2 BACKGROUND AND RELATED WORK

SCAs exploit the link between the data being processed by a digital computing platform and one (or more) environmental parameters of the platform itself, such as its power consumption, Electro-Magnetic (EM) radiations or computing time. A differential power/EM attack works as follows [14]. Given the measurements, the attacker tries to deduce the correct value of the secret key employed by the cryptographic implementation, modeling the power consumption induced by a small portion of the computation, which in turn depends only on a small portion of the secret key, and comparing models with the actual measurements. As a result of the said comparison the attacker finds out the model which best fit the measurements, and consequently the actual value of the involved secret key bits. Since the side-channel measurements are affected by both random and systematic noise, the goodness of fit of a model to the actual device behavior is performed with statistical tests.
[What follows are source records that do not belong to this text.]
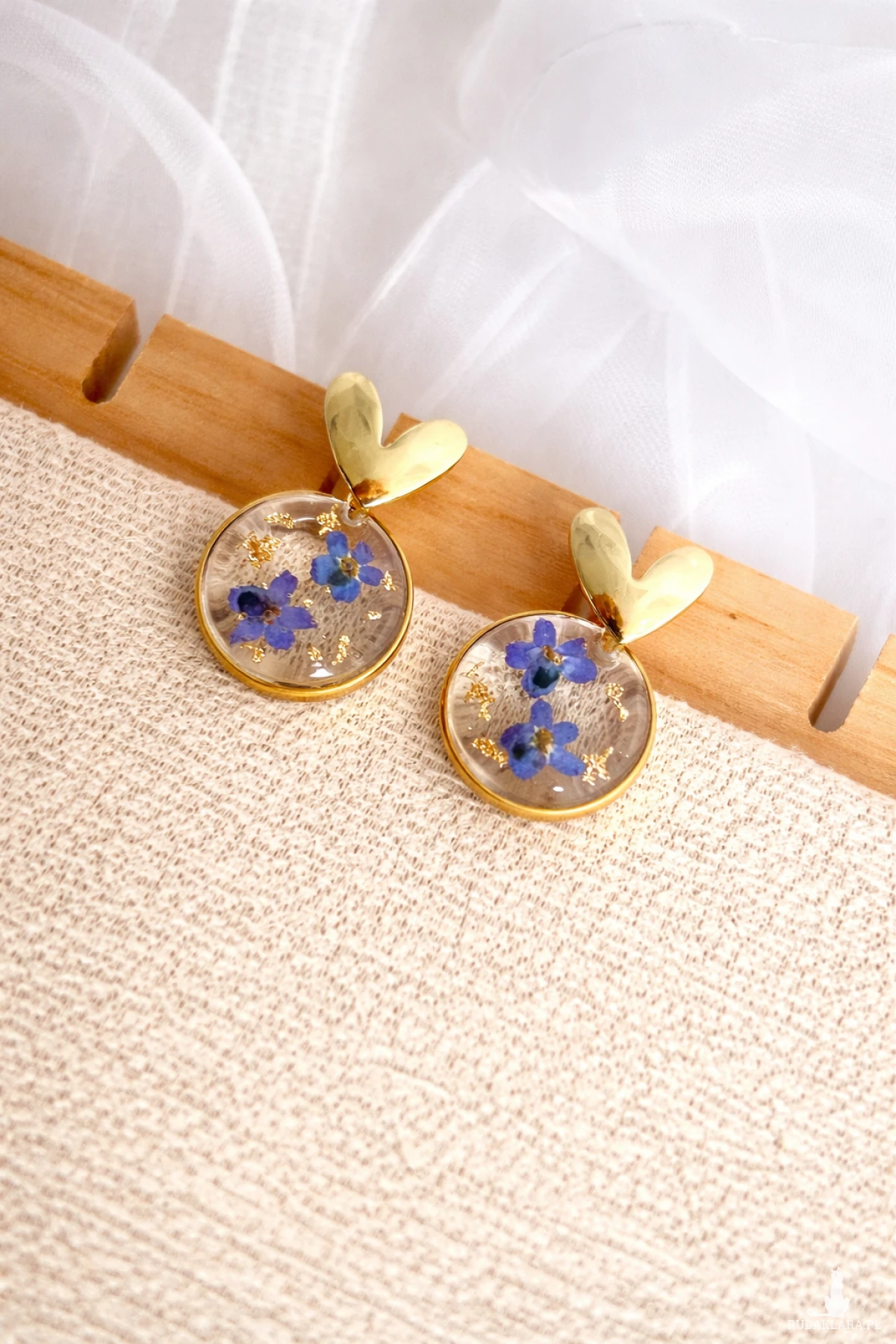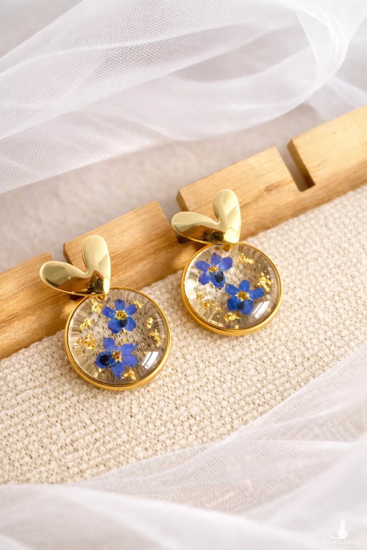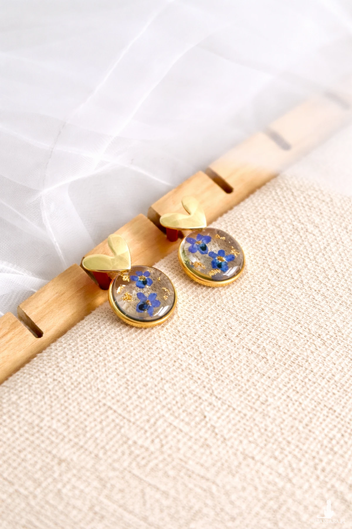 Romantyczne kolczyki z prawdziwymi niezapominajkami zatopionymi w przejrzystej żywicy. Niebieskie kwiaty zostały ręcznie ułożone i ozdobione subtelnymi złotymi drobinkami, które pięknie odbijają światło.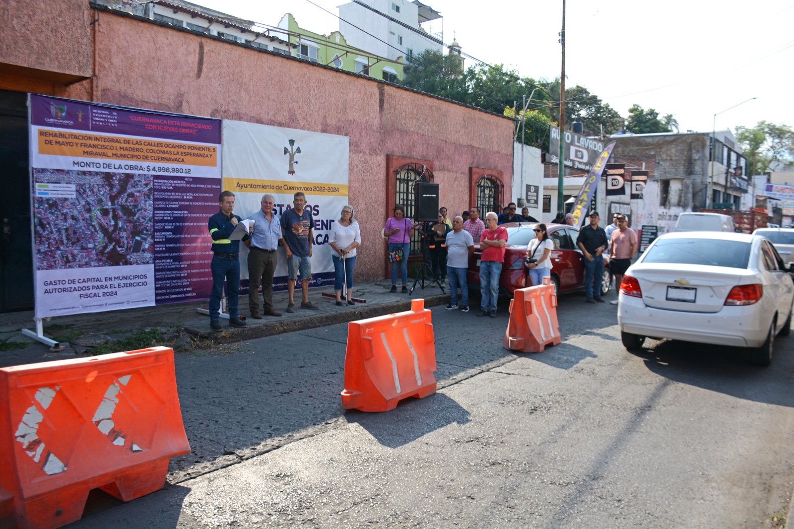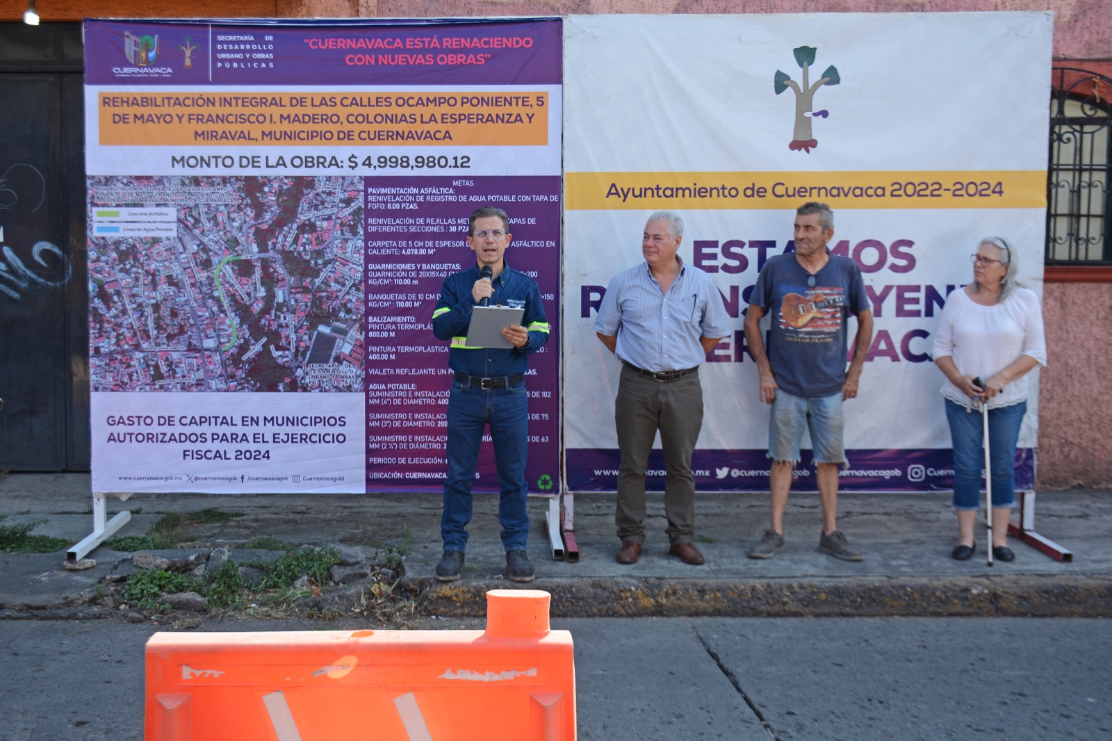 Con una inversión de cuatro millones 998 mil 980.12 pesos de recursos de gastos de capital en municipios 2024, el Ayuntamiento de Cuernavaca arrancó los trabajos de rehabilitación integral de las calles Ocampo Poniente, 5 de mayo y Francisco I. Madero de las colonias La Esperanza y Miraval que consta de la renovación de líneas de agua potable que mejorarán la calidad del servicio en el suministro del vital líquido.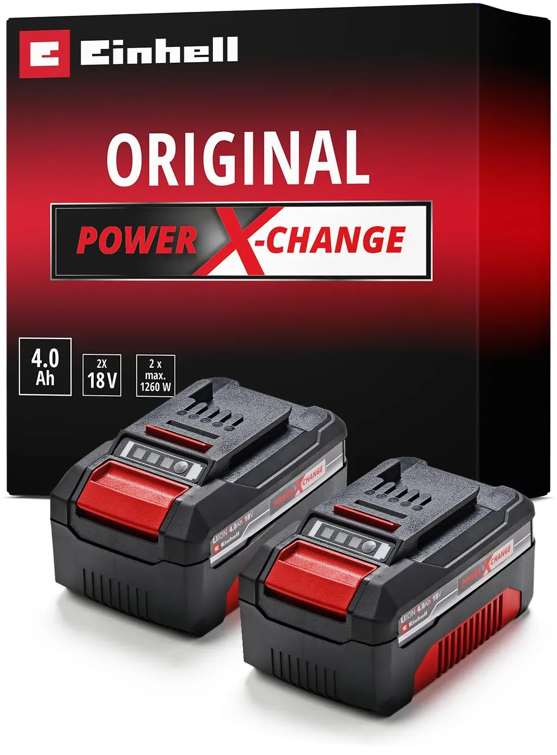Auf Lager Versand durch AmazonOriginal Einhell Akku PXC-Twinpack 4,0 Ah Power X-Change (Li-Ion, 18 V, 2x 4,0 Ah, für alle PXC-Geräte geeignet, proaktives Batteriemanagement, situativ angepasste Ladezyklen)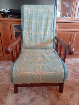 Acogedor sillón balancín con un diseño clásico. - Tapicería a cuadros en tonos verdes y ocres. - Brazos de madera pulida. - Base balancín para mayor comodidad.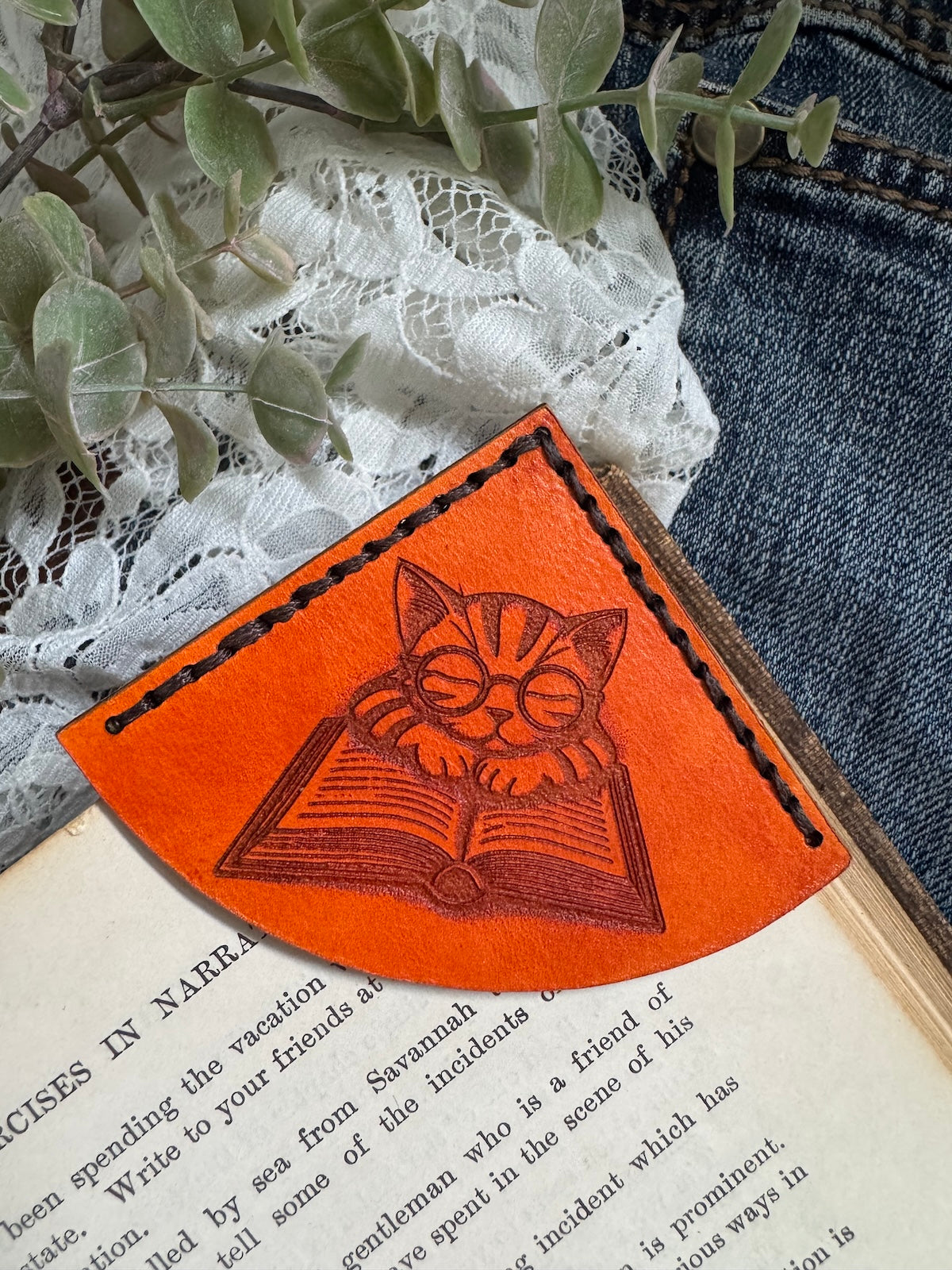 Crafted from hand-dyed, hand-stitched leather and finished with a protective acrylic resolene seal, this corner-style bookmark is designed to stay put while keeping your place — and your pages safe. The charming cat illustration paired with the thoughtful quote makes it a perfect gift for readers who love quiet moments, loyal companions, and the kind of stories that never let you down.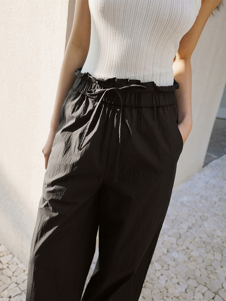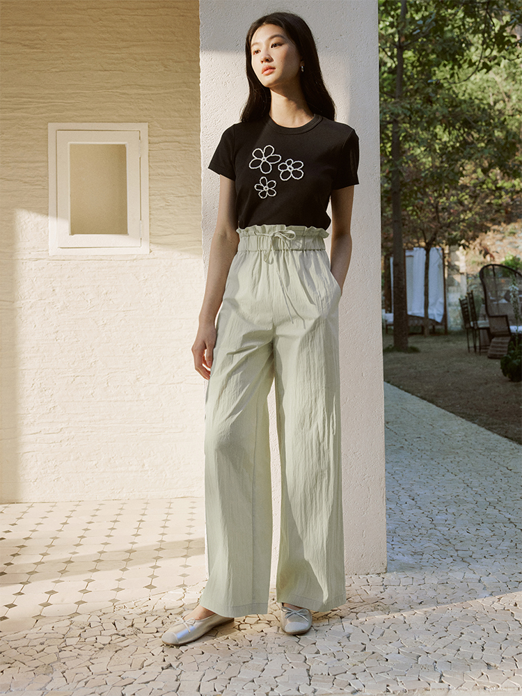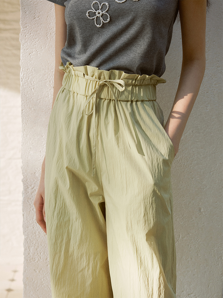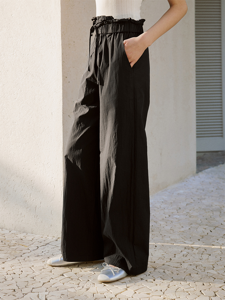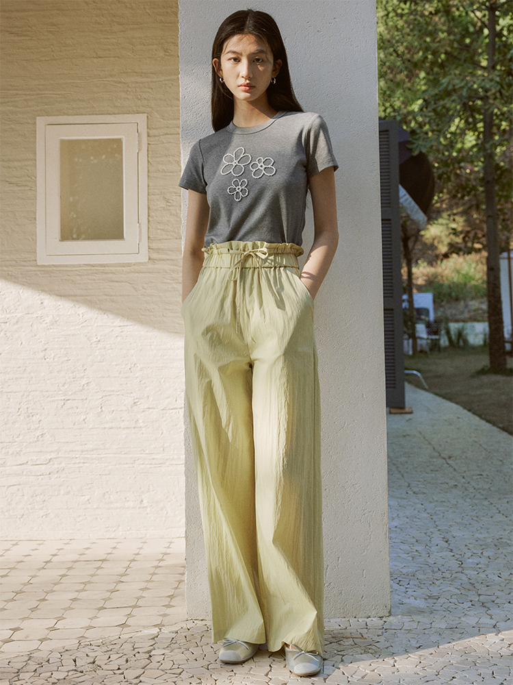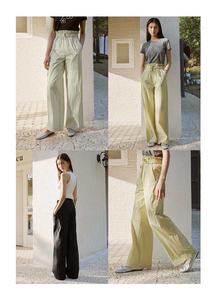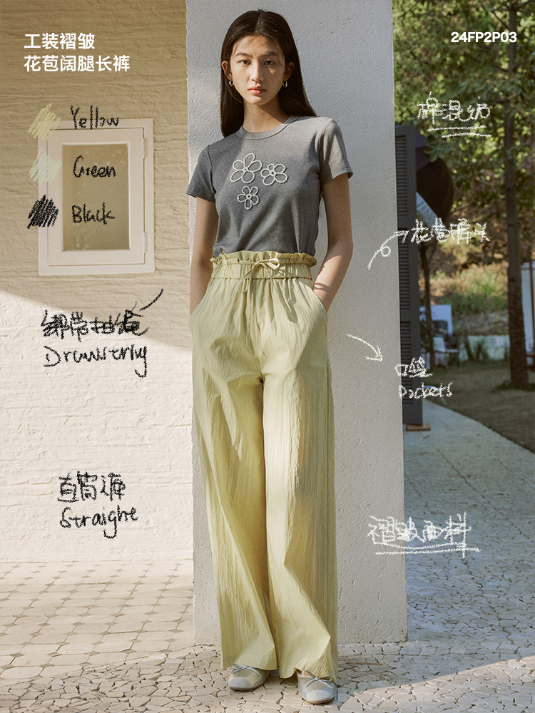 ForPoem 现货 24/SS原创设计工装褶皱花苞腰头阔腿长裤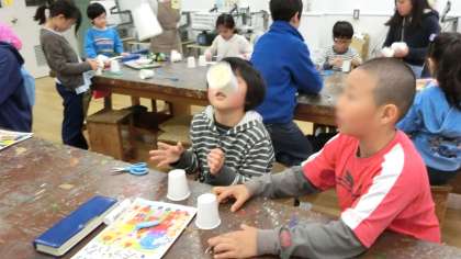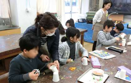 の授業をしました。紙コップ2個と輪ゴムを材料にして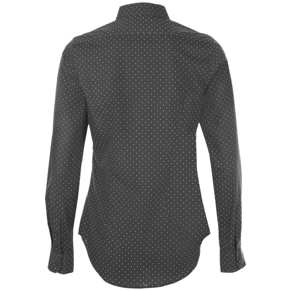 Модная рубашка с печатным рисунком в горошек, которая прекрасно впишется в современный корпоративный стиль.Приталенная модель с нагрудными вытачками, маленьким классическим воротничком, планкой с 7 пуговицами тон в тон и манжетами на 1 пуговице с разрезом «капуцин».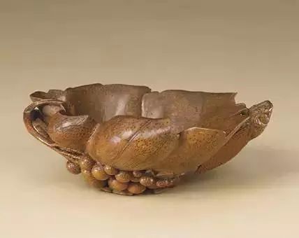 洗葡萄叶形,微拳如掌,纳水即成笔洗,外底又雕小叶和一束葡萄,以为底足。叶缘高处雕一蝉,蝉之足尖及薄翼皆刻画入微,栩栩如生,使人如闻其声,可见其时竹雕笔洗工艺之精湛娴熟。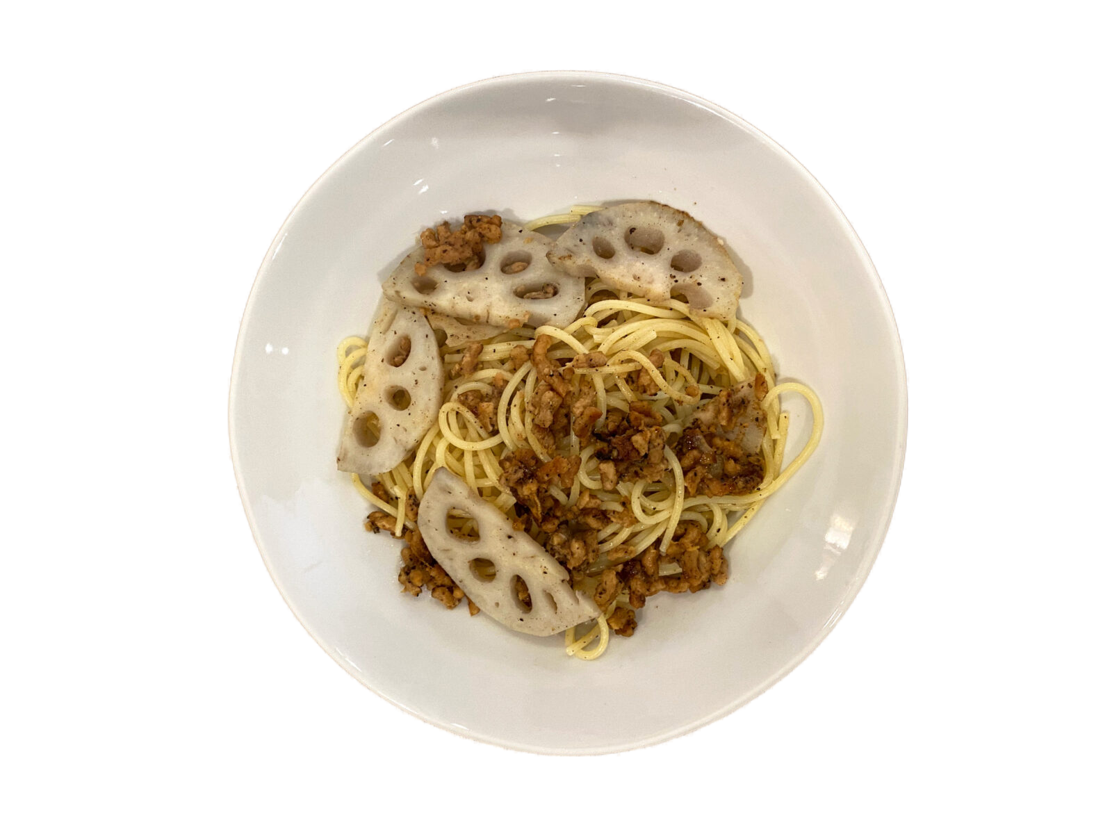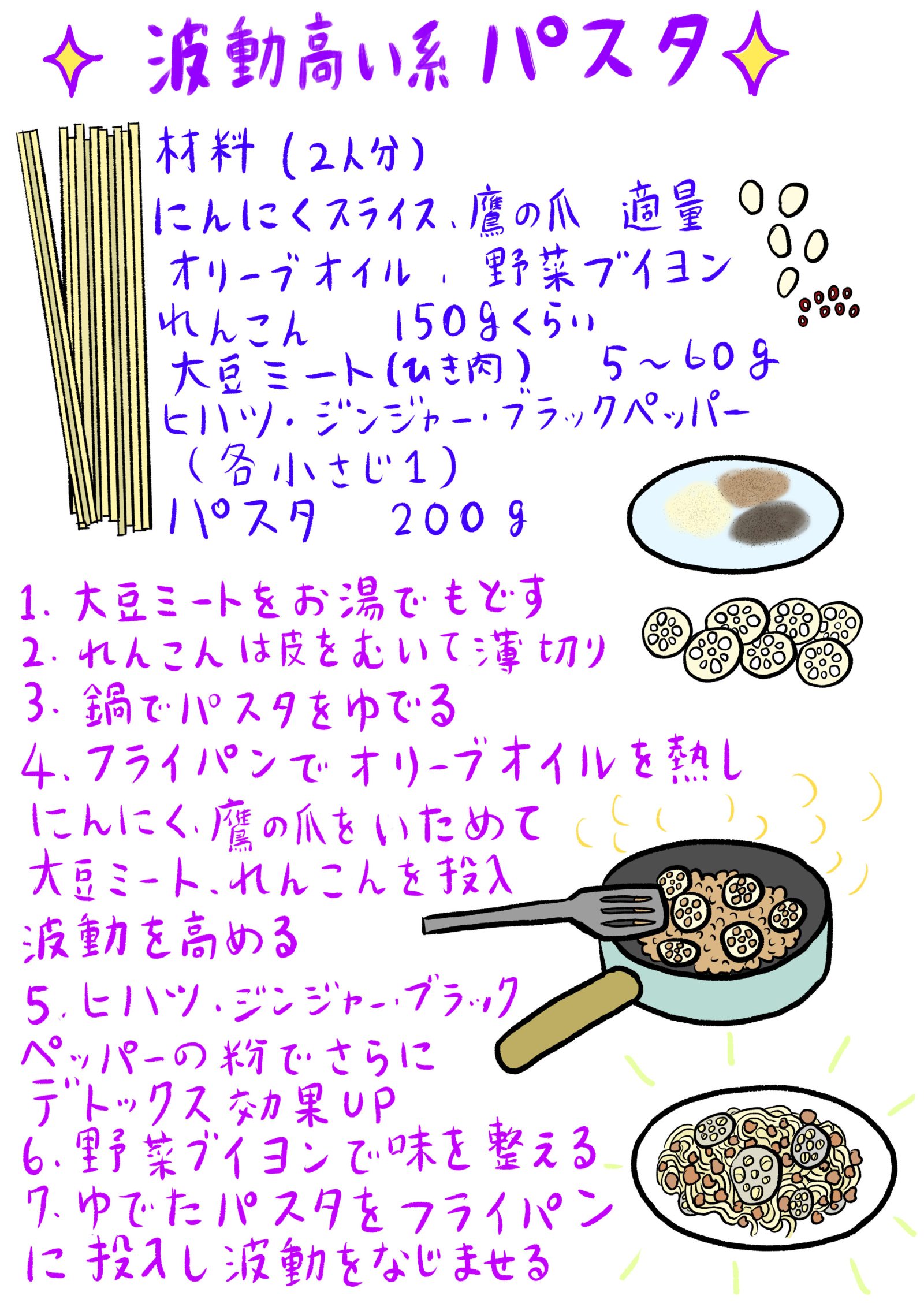 久しぶりの連載第4回目。気候も暖かくなり、そろそろ新しいメニューに挑戦したい! ということで今回依頼したのは漫画家でコラムニストの辛酸なめ子さん。いつも魅力的な文章やイラストを描くなめ子さんなら何か面白いレシピを教えてくれそうな気がしていた。予感は的中。届いたレシピは「波動高い系パスタ」。若干怪しいな、とは思いつつレシピを見ると、大豆ミートとれんこんを、香辛料とにんにくで味付けするシンプルパスタのよう。3種のスパイス(ヒハツ+ブラックペッパー+ジンジャー)にはデトックス効果もあるらしく、早速調理をスタート! とりあえず、疑念がどうでもよくなる程あっという間に完成。これぞ「USEFUL SPAGHETTI RECIPE」だ。いざ実食すると、大豆ミートの柔らかさとれんこんのジャキジャキした食感のコントラストが地味に楽しい(れんこんもっと小さく切ってもいいかも)。ヒハツの辛さとジンジャーのハツラツとした小さな熱気も体感。枝豆のように、ずっと食べていられる疲れない感じと、スパイスの程よいピリっと感、きっとビールのあてにもイケるはず。シンプルな工程&ビジュアルながら体中を浄化してくれるスパゲッティレシピ、しかと受け取りました。なめ子先生、次回はセージも入れてみます! あ〜幸せ幸せ。

One of the points touted as an advantage of SCAs is that the power consumption model of the computation may be quite unaware of hardware/software stack details [2–4, 14] (e.g., a common model is the Hamming weight of an intermediate value of the algorithm). Indeed, such effectiveness was proven by successful attacks to complex computing platforms such as an unprotected software AES implementation running on a superscalar single core CPU clocked at 1 GHz and with full-fledged Linux OS [8]. In particular, in [8] the authors show how the high working frequency of the target device and the presence of an operating system with a preemptive scheduler offer hindrances which can be overcome by an attacker, while considering as a consumption model the Hamming weight of the outputs of the algorithm instructions. Similarly, exploiting the private-key dependent control flow of the code at hand, the authors of [13] extract the private-key of a digital signature algorithm running on both a mobile phone and a laptop. We note that the control flow dependent leakage can be suppressed more easily w.r.t. the data dependent leakage exploited in [8].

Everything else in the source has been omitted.